Materials and methods

Data description

We tracked during five years (2015–2019) the local abundances of individuals of 23 annual plant species distributed along 9 plots (plot size 8.5m x 8.5 m) located along a salinity gradient of 1km long by 800 m wide in a highly diverse Mediterranean grassland at Doñana National Park (SW Spain, 37º 04´ N, 6º 18´ W). The plots are placed, on average, > 100m apart from each other. Each plot is subsequently subdivided into 36 subplots of 1m2. For each of these subplots, we compiled across each of these five years the number of adult individuals of each plant species at their phenological peak (i.e. when at least half of the individuals are in bloom).
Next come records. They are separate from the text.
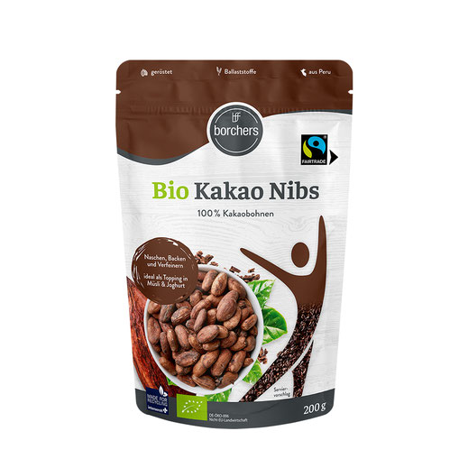 Unsere borchers Bio Kakaonibs werden aus peruanischem Rohkakao ausgewählter Plantagen gewonnen. Die erlesenen Kakaobohnen werden dafür in kleine Stücke gebrochen, jedoch nicht geröstet, sondern nur fermentiert und schonend getrocknet. Während dieser Phase entwickeln die Kakao Nibs Ihren wunderbaren Geschmack, der lecker herb, mit einer feinen Schoko-Note überzeugt. Die Bio Kakao Nibs bringen den puren Genuss auf Ihren Tisch.
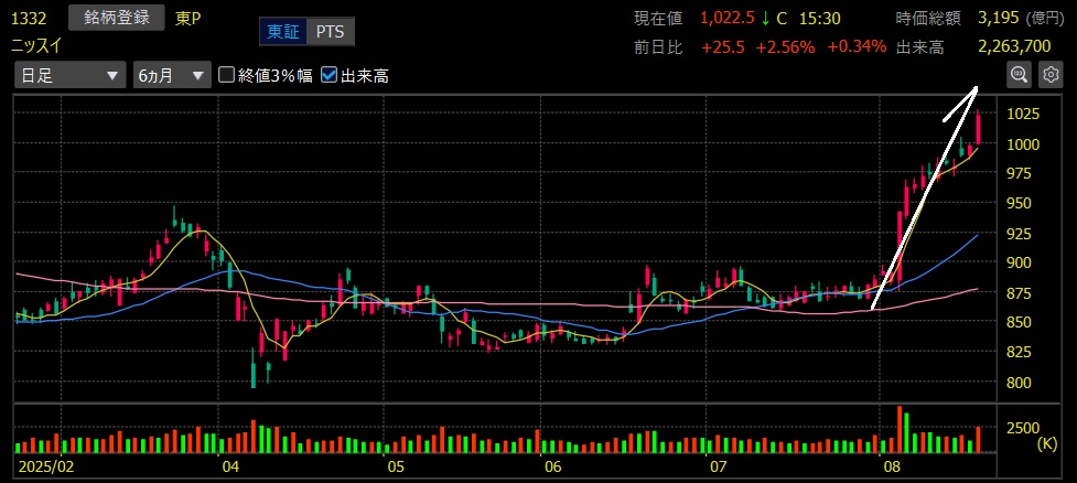 この恩恵を受けいやすい内需関連がしっかりとしてきている印象です。ニッスイももちろんですがその該当銘柄であり、足元7月下旬からの上昇にはまとまった
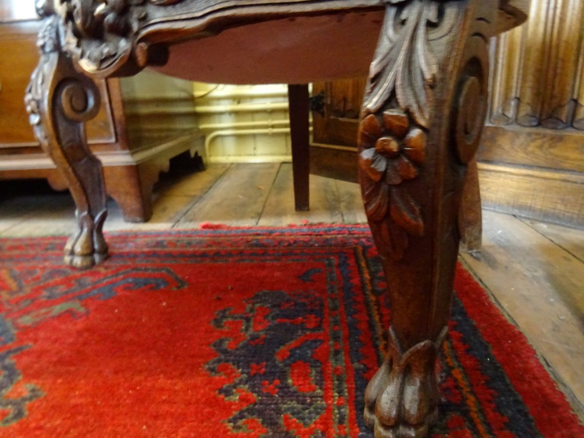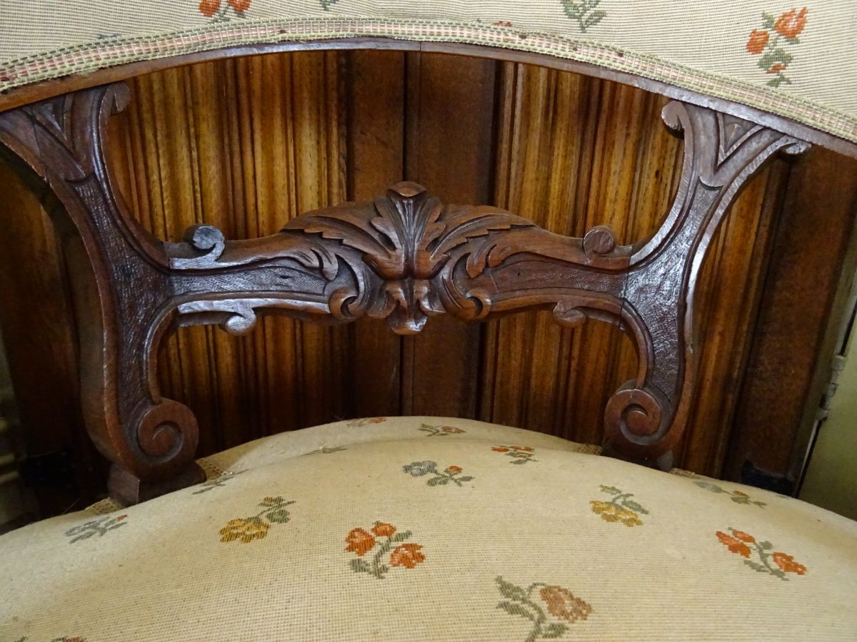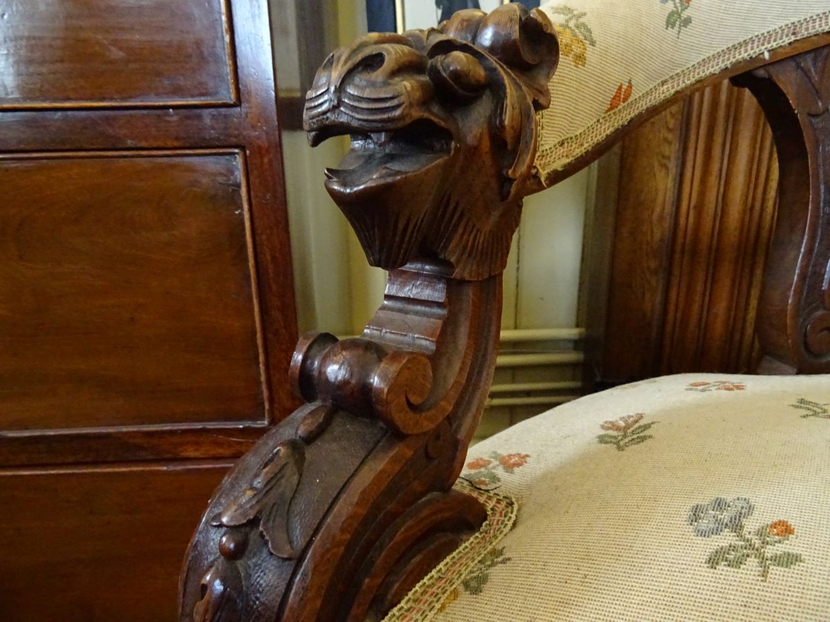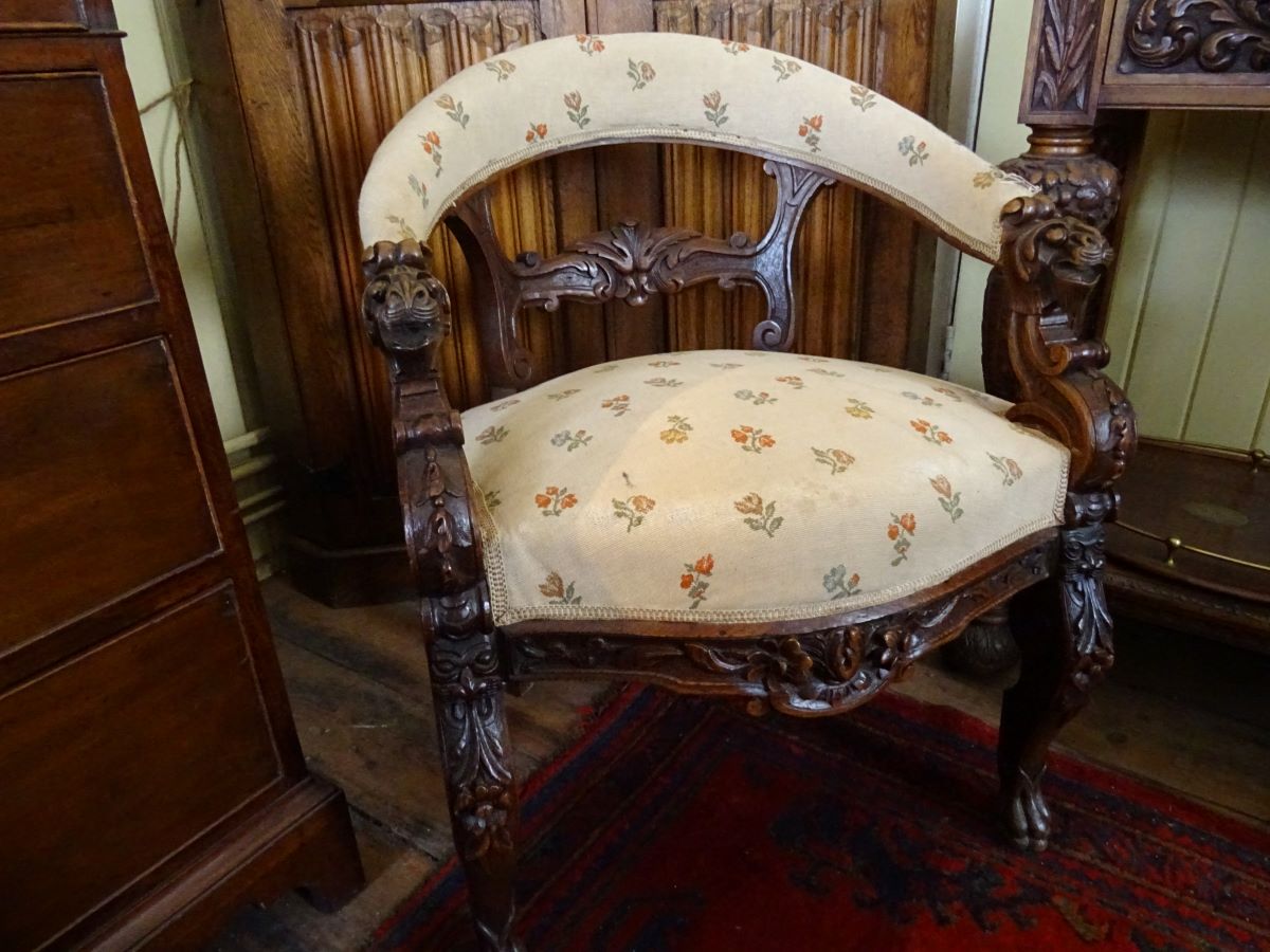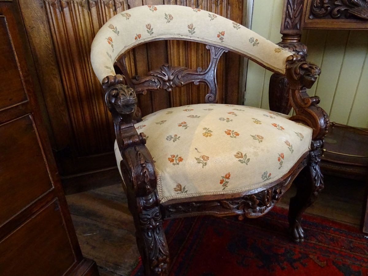 Here is a nicely carved oak framed bow back armchair with griffin supports. Upholstery is in reasonable condition.
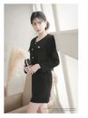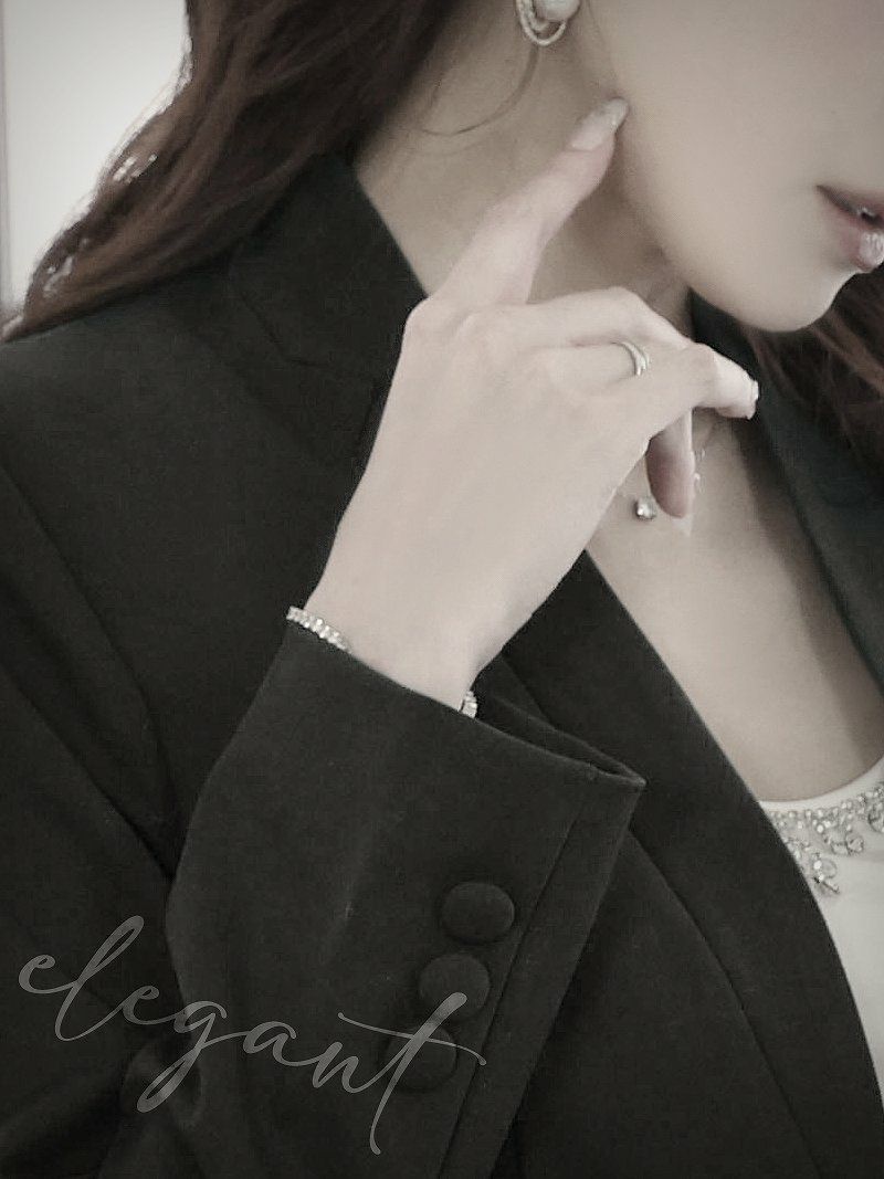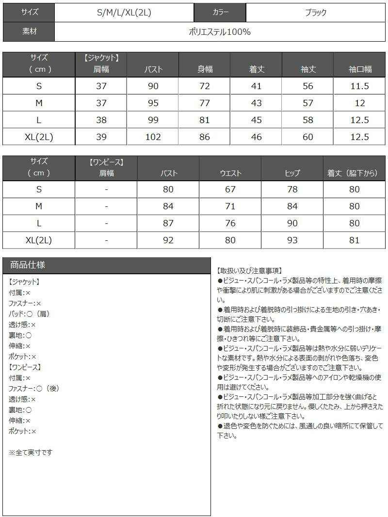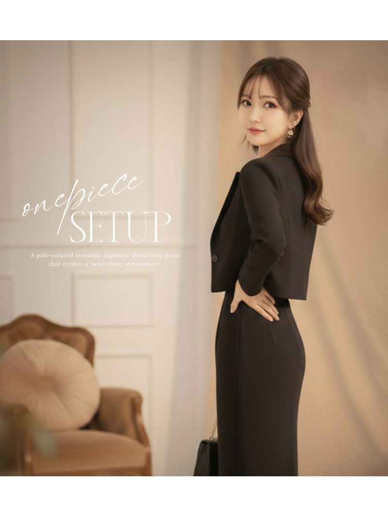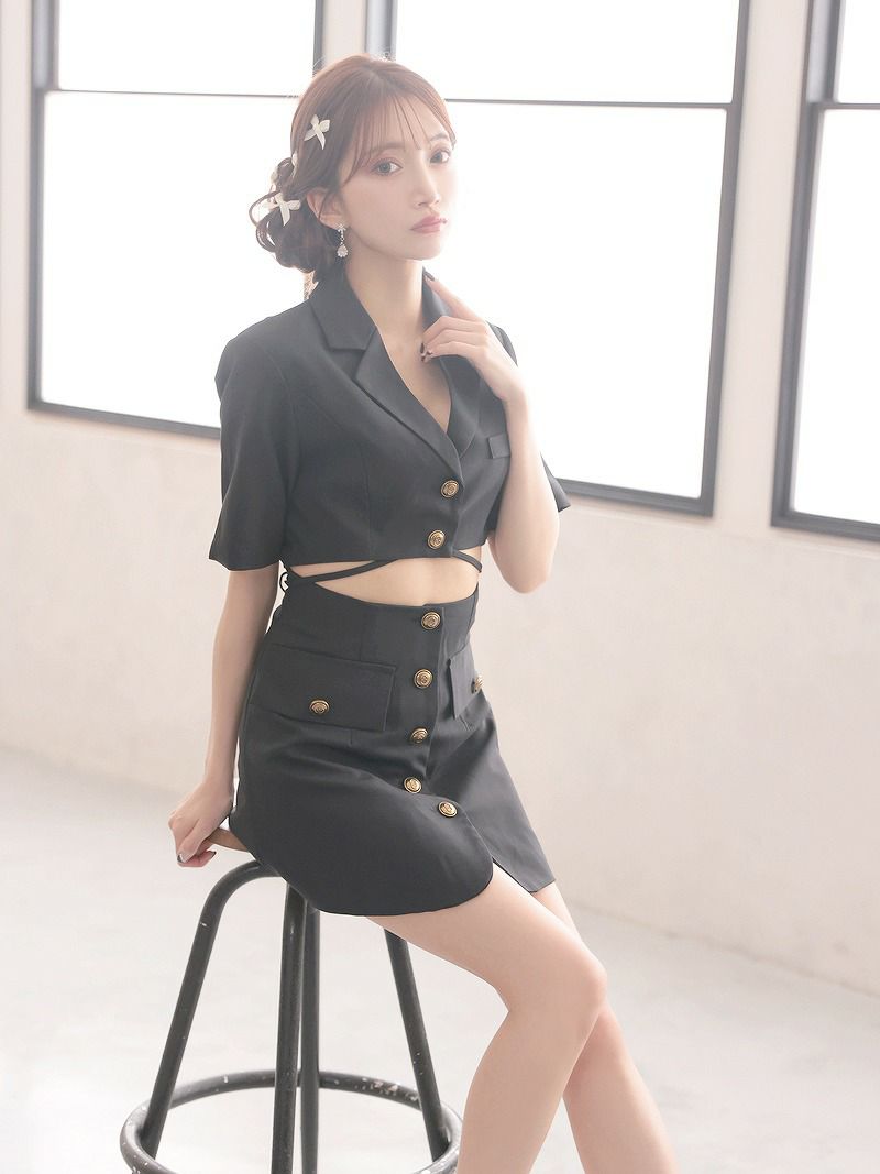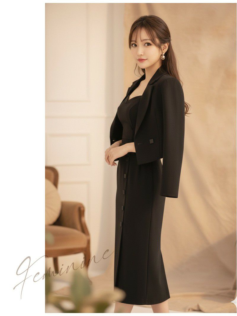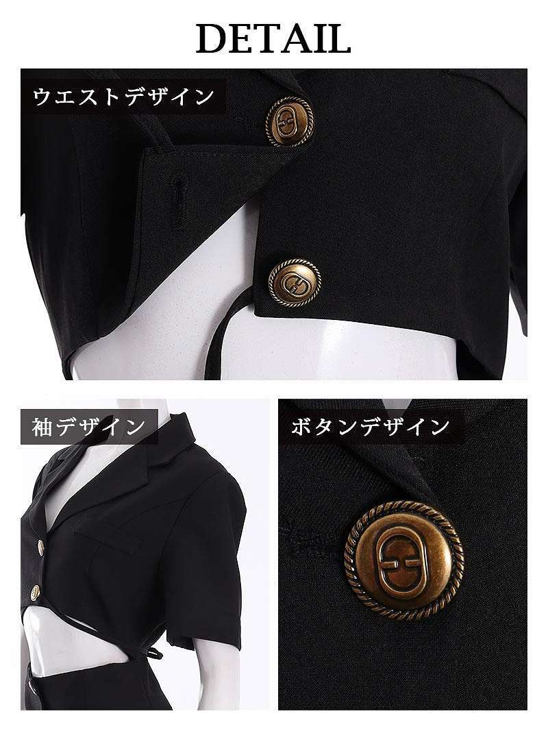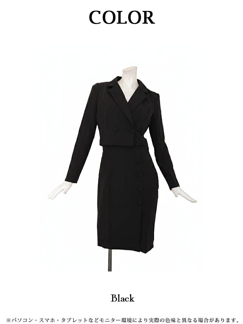クールな色気を纏う、ボタンデザインがアクセントのブラックセットアップ。 飾りボタン付きタイトワンピース&ショート丈ジャケットセットアップキャバスーツ 【Ryuyu】(S/M/L/XL(2L))(ブラック)

This period extends on average and across species from February to June yearly. Thus, overall, we gathered abundance data from 36 subplots in each of the 9 plots, during 5 years, for a total of 1620 plant communities. These subplots represent the basic unit of our study and their scale is appropriate given the small size of the annual plants and the high micro-habitat heterogeneity. For example, the plots in the upper part are rarely flooded, whereas those in the middle and lower parts are annually flooded by vernal pools. This spatial configuration of plots allows capturing small scale variation (due to the different soil conditions created by salinity, among other variables) as well as large scale variation (induced by vernal pools) in the dynamics of annual plant communities in our system. In addition, we empirically measured at the subplot level an array of physical and chemical soil properties at the beginning of the survey (spring 2015) to characterize the abiotic properties of each community (one soil sample per each subplot, see Table B in S1 Text for a summary). These values are kept from year to year for this study as they are stable through time in this type of environments. Finally, we obtained annual precipitation values for each year and the whole study area from a nearby weather station maintained by the regional government “Junta de Andalucía” (El Rocío-Almonte, 10 km far apart).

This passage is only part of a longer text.